# Trailer Hitch Play/



## readNrun (Aug 1, 2013)

We have been having an issue that we get this undulating motion back and forth (left to right) when trailering our boat at higher speeds (55+). When it get's going it's pretty disconcerting.

I haven't been able to figure it out, but played with the triler hitch and the receiver last night and notice a bit of play in all directions (left to right, up and down and even fore to aft). I'd say 1/4-3/8 in some cases.

Questions: 

1) Think this could cause that?
2) How do you fix this?


----------



## lll100 (May 11, 2011)

Trailer is loaded too heavy on rear. You need more tongue weight. Shift your load forward or redistribute weight forward on trailer.


----------



## captishmael (Feb 8, 2008)

I assume you are talking about play in the Receiver? The play you describe is normal and will not cause the symptoms you describe. Your issue is probably weight distribution, trailer attitude and rear overhang.

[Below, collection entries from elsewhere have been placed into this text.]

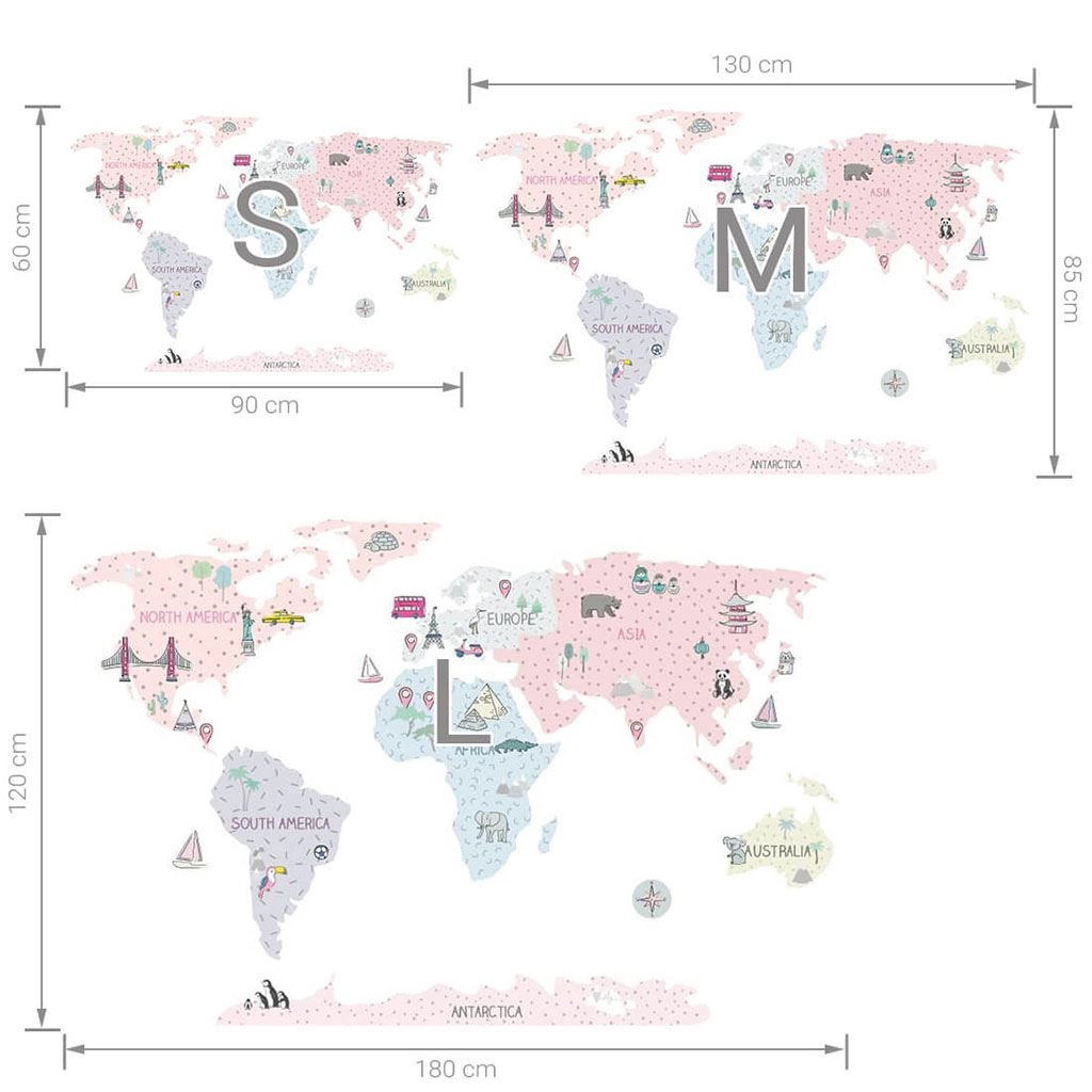 Scopri la magia dell’apprendimento giocando con il bellissimo adesivo da parete mappa del mondo L in tonalità pastello rosa. Questa decorazione in stile scandinavo ravviva ogni cameretta, porta elementi educativi (continenti, oceani, punti cardinali, monumenti) e grazie al laminato opaco è resistente ai graffi e facile da applicare. Ogni elemento è ritagliato singolarmente per una facile applicazione anche in spazi più ampi.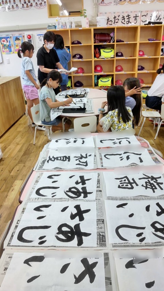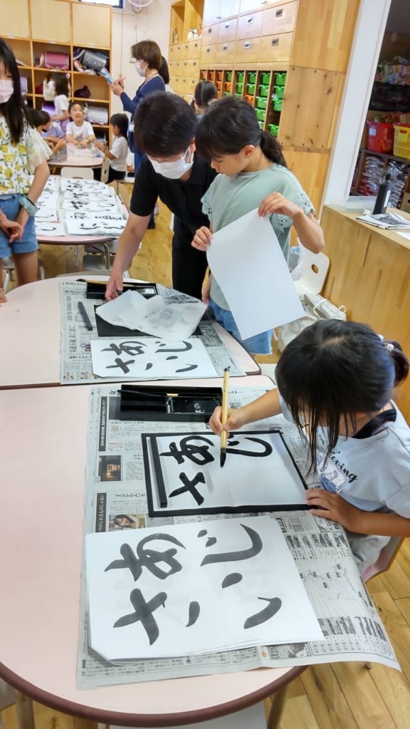 ↑の写真は、あじさいを書いている子と、紙で習字の墨を取ってもらっている写真です。こんな感じで書いているんですね。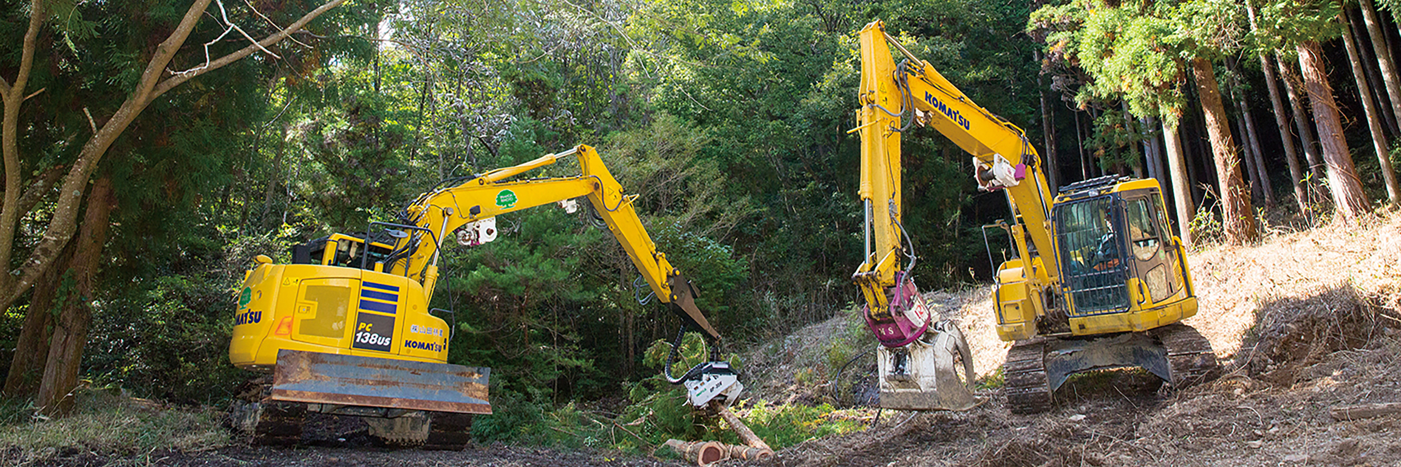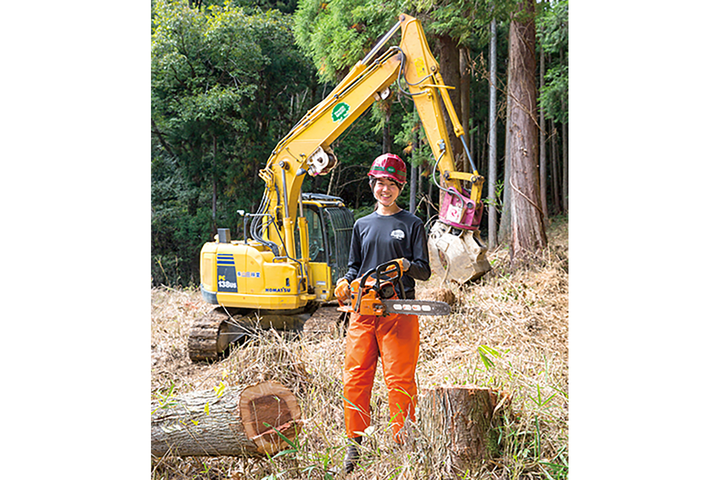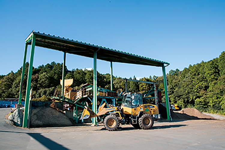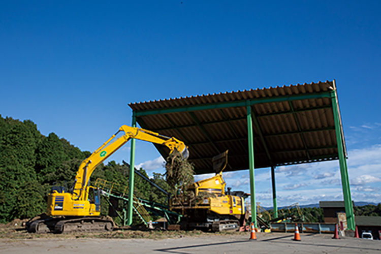山田林業が伐採工事を始めた当時は、廃棄された伐採木や木くずを野焼きすることが一般的であったが、大気汚染などの環境問題により野焼きが禁止されるようになる。そこで、同社は産業廃棄物中間処理許可を取得。コマツBR200Tを導入しリサイクルプラントをつくり、自社の伐採木はもちろん近隣の造園業者の剪定枝なども受け入れ、バイオマスや肥料の原料となるチップを製品化。環境負荷を低減させるバイオマス発電などで再利用されている。

Try to have 60% of the weight of your trailer and load forward of the trailer axle. Is it difficult to lift the trailer to put it on the hitch? Maybe it has a weight of 100# or more at the hitch? That's good!

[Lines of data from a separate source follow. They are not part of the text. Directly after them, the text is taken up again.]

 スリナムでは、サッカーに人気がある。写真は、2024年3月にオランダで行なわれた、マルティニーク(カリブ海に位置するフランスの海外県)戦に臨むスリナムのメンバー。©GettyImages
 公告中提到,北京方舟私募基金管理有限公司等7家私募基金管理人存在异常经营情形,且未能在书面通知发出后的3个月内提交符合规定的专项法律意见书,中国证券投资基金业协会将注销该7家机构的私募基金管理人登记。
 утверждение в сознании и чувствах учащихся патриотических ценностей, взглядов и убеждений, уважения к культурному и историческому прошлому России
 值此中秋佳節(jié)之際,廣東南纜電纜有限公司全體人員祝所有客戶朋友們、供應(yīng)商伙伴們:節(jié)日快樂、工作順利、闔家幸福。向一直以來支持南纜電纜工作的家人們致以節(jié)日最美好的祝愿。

The trailer should have a slight downward slant towards the tow vehicle. Is yours leaning up towards the front? That's bad.

It's too easy to have a lot of raft hanging off the back of the trailer. Do you have more hanging off the back than you do hanging over the front of the trailer? That's also bad.


----------



## Schutzie (Feb 5, 2013)

It seems obvious, but make sure your ball matched the hitch; a smaller ball will give an amazing amount of sway and can be dangerous.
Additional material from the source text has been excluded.